Bab 9: Kekosongan yang Mengalir Pelan

Esposa Sedutora Eu como pirulito. 2628kata 2026-08-01 06:31:17

Halaman (1/3)
Shen Feifei sama sekali tidak tahu apa yang ada di benak Lin Feng.
Ia hanya merasakan bahwa Lin Feng sekarang sangat marah.
Kemarahan itu membuat hatinya terus bergetar, tatapannya semakin menggoda.
Tanpa sadar, dari mulutnya keluar suara-suara kecil.
Hal itu semakin membakar hati.
Kini Lin Feng ingin meluapkan seluruh amarah yang ada dalam dirinya.
Kelembutan yang dulu ada sama sekali hilang pada saat ini.

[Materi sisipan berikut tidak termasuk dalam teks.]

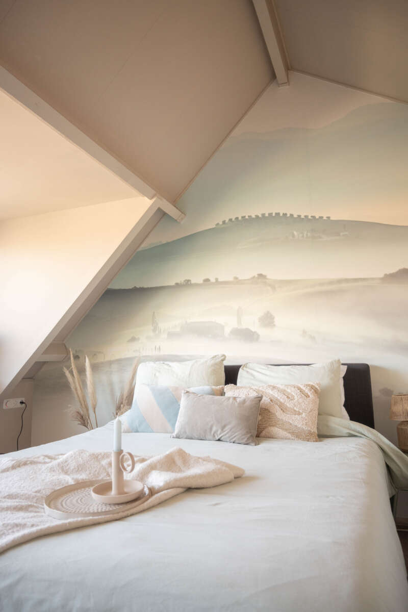 Ik heb een prachtig fotobehang gevonden en ben hierop verder gaan borduren. De kleuren uit het behang heb ik meegenomen in de rest van de ruimte. Alle andere muren, balken en plafond zijn in dezelfde kleur geschilderd voor een rustig effect en balans in de ruimte.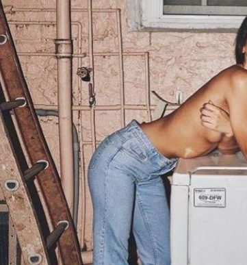 Το μοντέλο ποζάρει φορώντας μόνο ένα…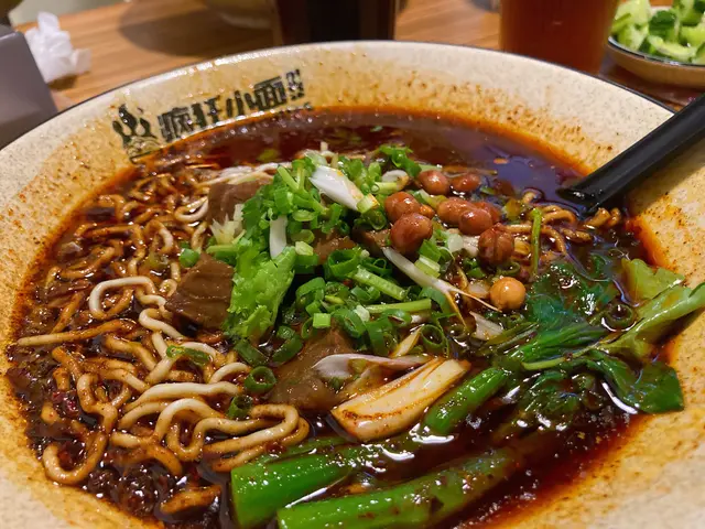 朋友多番介紹下,我決定一試這間麵店!HH買的風味是四川風味,麻辣、香辣為主!很喜歡吃辣的我問店員那款最受歡迎,他推介我吃招牌豌豆拌麵和瘋狂牛肉麵。我毫何不猶豫地選擇,因為我最近有點想吃牛肉,而且看見隔離枱的人也是吃牛肉麵!當我的牛肉麵上枱的時候,我的眼睛發亮了!無論是嗅覺還是視覺的享受也拿到70分,當吃了一口就覺得有90分!那個湯底非常之濃,簡單一點來說是「重口味」!出色!每一口麵也掛滿了香濃的麻辣醬汁,而且麵質彈牙入口香滑!真的好吃!牛肉是用了牛展肉入味之餘還有肉質,我有四至六件左右,吃了也滿足!…查看更多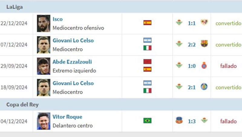 El Betis ha tirado cinco penaltis en lo que va de temporada 24/25 y ha usado cuatro lanzadores con un índice de acierto muy dispar. Lo Celso es el único que ha repetido y de momento ha metido los dos: asumió la presión en el primero de todos, el 18 de septiembre ante el Getafe CF (victoria por 2-1), y también acertó el 7 de diciembre contra el FC Barcelona (2-2). Entre medias, el 29 de septiembre cedió el lanzamiento ante el RCD Espanyol (triunfo 1-0) a Abde, quien volvió a fallar tras errar el que tuvo a finales del curso pasado contra la Real Sociedad. El otro, el 4 de diciembre en Copa del Rey ante el UE Sant Andreu (1-3), lo desperdició Vitor Roque sin que hubiese polémica porque Gio ya había sido sustituido. La lista se cierra con el mencionado disparo de Isco ante el Rayo Vallecano (1-1).
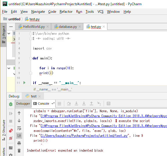 一方、Pythonで同じようにインデント無しをしようとするとエラーになります。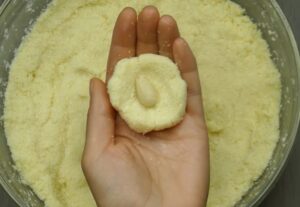 5. Tak przygotowaną mieszankę pozostaw na jeden dzień w lodówce. Kolejnego dnia zacznij formować nie dużej wielkości kuleczki.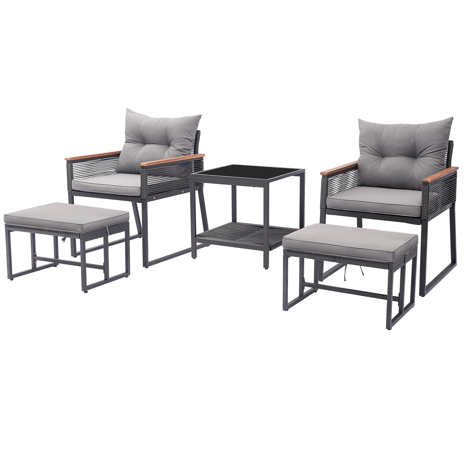 - Well-Woven Rattan: Crafted with precision, all the 5 pieces of this patio set feature tightly woven rattan. The built-to-last PE rattan material ensures durability and longevity, maintaining its stylish look through all seasons in various outdoor settings.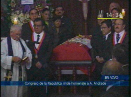 El Congreso de la República rinde un póstumo homenaje al parlamentario y ex alcalde de Lima Alberto Andrade Carmona, en una capilla ardiente ubicada en el Hall de los Pasos Perdidos de la sede legislativa.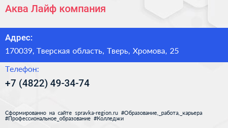 Аква-Лайф, компания по адресу 170039, Тверская область, Тверь, Хромова, 25 в дальнейшем Организация, размещена в следующих категориях:
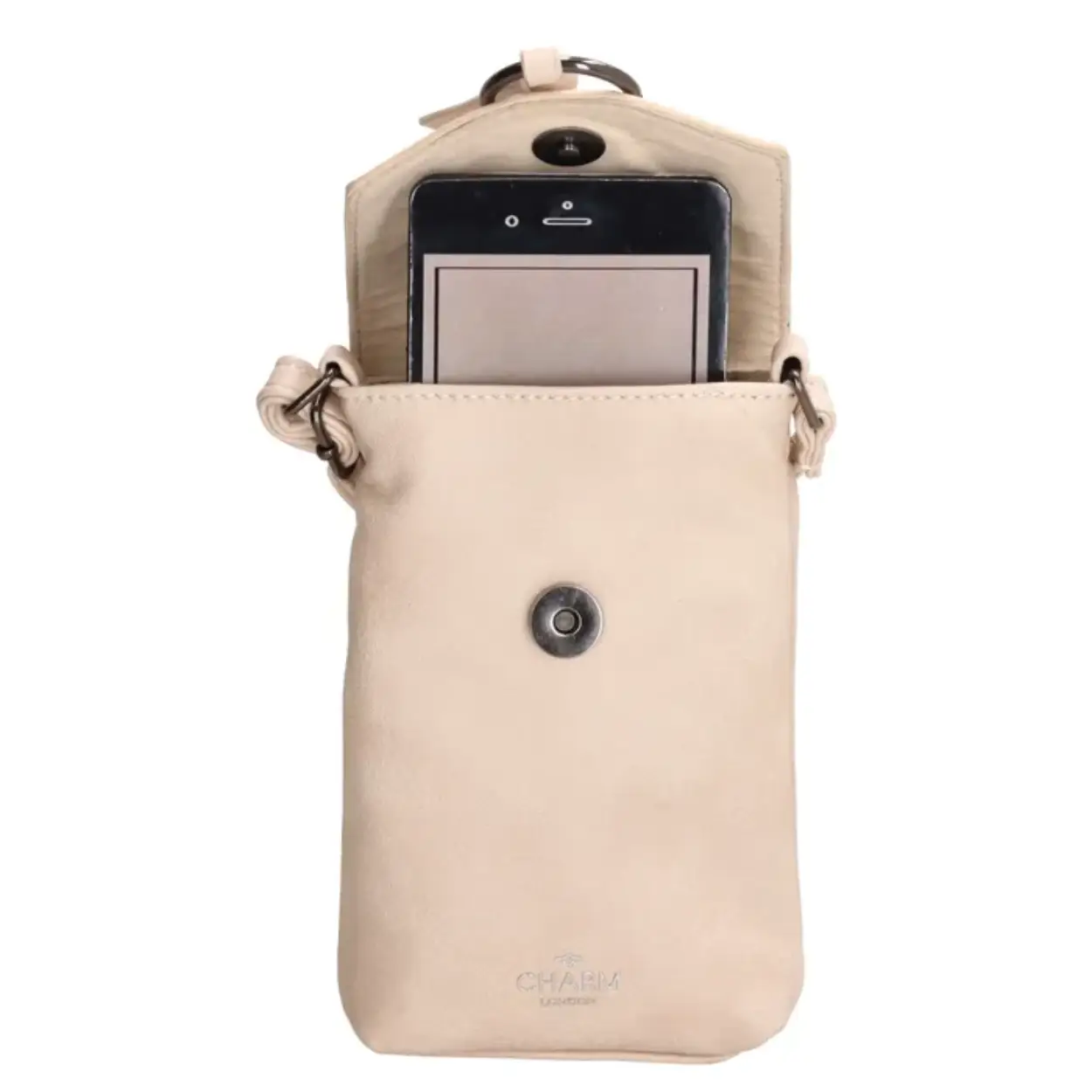 Helemaal leuk zijn deze telefoontasje van Charm London. leverbaar in 4 kleuren en gemaakt van imitatieleder

Ketika menghadapi wanita di hadapannya, ia hanya menganggapnya sebagai alat semata.
Tak ada lagi rasa belas kasih.
Ia sama sekali tidak peduli dengan permohonan Shen Feifei.
Shen Feifei tidak menyangka Lin Feng bisa menjadi begitu garang hari ini, seolah memiliki tenaga yang tak pernah habis.

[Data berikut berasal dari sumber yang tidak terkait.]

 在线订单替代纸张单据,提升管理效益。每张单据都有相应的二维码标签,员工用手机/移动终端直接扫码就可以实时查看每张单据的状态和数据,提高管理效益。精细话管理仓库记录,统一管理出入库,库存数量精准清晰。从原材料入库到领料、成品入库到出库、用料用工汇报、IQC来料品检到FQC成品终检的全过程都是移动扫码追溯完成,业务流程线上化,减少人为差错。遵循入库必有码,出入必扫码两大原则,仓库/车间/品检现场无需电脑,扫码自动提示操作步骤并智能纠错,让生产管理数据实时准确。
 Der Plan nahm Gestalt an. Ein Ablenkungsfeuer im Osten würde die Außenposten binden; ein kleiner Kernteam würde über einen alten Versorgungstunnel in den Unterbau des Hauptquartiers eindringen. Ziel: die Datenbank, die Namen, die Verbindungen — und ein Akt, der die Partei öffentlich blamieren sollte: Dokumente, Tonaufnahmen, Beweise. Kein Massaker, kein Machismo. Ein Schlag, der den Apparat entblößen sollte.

Kekuatan itu membuatnya benar-benar tunduk.
Dengan raungan rendah Lin Feng,
Shen Feifei seketika menegang seluruh tubuhnya, kaku sesaat lalu benar-benar terkulai lemas.
Nafasnya semakin berat.
Berbaring di sana, ia bahkan tak ingin menggerakkan jarinya sedikit pun.
Lin Feng duduk di tepi ranjang, napasnya mulai tenang.
Tatapan Shen Feifei beralih, di matanya seolah tersembunyi kail yang siap menarik jiwa itu.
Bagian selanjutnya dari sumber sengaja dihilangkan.